Обыкновенно посланец предупреждал о встрече заранее, хотя точное место и время обговаривались лишь в последний момент и с такой степенью конспиративности, как если бы за ними двумя охотилось все охранное отделение Санкт-Петербурга. Чувствительный ко всякой фальши механик морщился и Дядю Тома высмеивал, но тот был для уколов неуязвим, и со временем Комиссаров с конспиративностью так свыкся, что, когда в начале июля неожиданно получил от своего наставника открытую телеграмму с предложением встретиться на следующий день после Казанской в Польцах, был нехорошо этим вызовом удивлен.
Все было очень странно, неряшливо и отдавало провокацией. «Так ведь недолго и полиции человека сдать, – думал он по пути на станцию. – Что если он – Азеф?» Дорога пылила, навстречу попадались пьяные мужики и праздные дачники, брели в Печорский монастырь и еще дальше, в Пюхтицы, утомленные профессиональные паломники, дрались нищие, и, как назло, все были некрасивые, нечистые, обессилевшие то ли от долгой дороги, то ли от собственных пороков и страстей.

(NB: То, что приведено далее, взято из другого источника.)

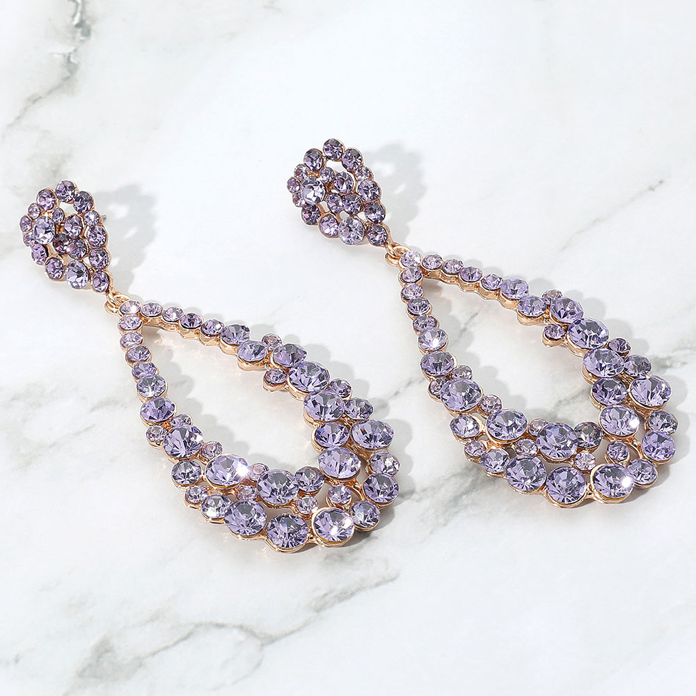 • Elegant teardrop crystal earrings featuring double-layered rhinestones. Perfect for weddings, proms, or evening events. Lightweight, eye-catching design for a glamorous finishing touch.

Кто-то справлял на обочине дороги нужду, кто-то любовно обнимался в придорожной траве. Подзагулявший купчик, обогнав Комиссарова, бросил в толпу несколько монет. Началась драка, поднялась еще больше пыль, крики, пьяные слезы. Купец захохотал, швырнул еще, и, когда молчаливый недобрый возчик-белорус привез Василия Христофоровича на станцию, механик был вконец измучен и раздражен.
Дядя Том запаздывал. Поджидая его, Комиссаров изучал расписание поездов и рассматривал публику. Вокзал был построен десять лет назад, но за эти годы пропустил через себя такое количество пассажиров, что казался столетним. Через Польцы шли поезда из Петербурга в Европу, и Василий Христофорович вдруг подумал о том, с каким любопытством и изумлением смотрят, должно быть, иностранцы на эту окруженную лесами и озерами станцию, на пыльные дороги, покосившиеся избы, а потом приезжают в Петербург и еще более поражаются его мрачной красой, тяжелой рекой, огромными дворцами, каких нет ни в Лондоне, ни в Париже. «“Ты и убогая, ты и обильная…” – прошептали губы знакомые с детства строки. – Почему? Что с нами не так? Отчего эта большая страна не может сама себя упорядочить? Только ли оттого, что она безразмерна, расползлась как квашня по половине земли и не ведает собственных границ? Или нас мучает что-то другое?»
Он вдруг вспомнил Легкобытова и его рассказ про несостоявшуюся встречу с заграничной невестой. «Представляю, что он тут пережил. А она, стало быть, так и уехала обратно…» И Василию Христофоровичу тоже захотелось уехать туда, где нет ничего того, что отравляет взгляд. Сколько можно ездить в эту деревню? Да и зачем? На Комиссарова напало то состояние самобичевания и беспощадной требовательности к самому себе, которое прежде приходило лишь ночью. «В сущности, все, что я делаю в жизни, я делаю не потому, что хочу что-то изменить, а потому, что спасаюсь от пустоты и личной бессмыслицы. Кто я? Рогоносец, сластолюбивый толстяк, брошенный любимой женой муж и никчемный отец для единственной своей дочери, которую совсем не понимаю и не могу ей помочь, хотя моя помощь ей очевидно нужна, но Легкобытов прав – мне не хватает для этого чутья. Я не тонок, груб, неумен, я сломал жизнь этой врушке Верочке, на которой неизвестно зачем женился, занимаюсь промышленным шпионажем с неизвестными мне целями и не имею с этого никакого прибытка. Почему так нелепо складывается жизнь и где была допущена ошибка? Я уклонился от цели и ухожу от нее все дальше, как уходит моя страна. Я ухожу вместе с ней, вместо того чтобы ее остановить, направить в нужную сторону. А между тем эта цель у меня была, но я словно ее потерял, упустил из виду и не могу найти. Или же кто-то ее у меня украл, кто-то злобный и хищный, как мысленный волк».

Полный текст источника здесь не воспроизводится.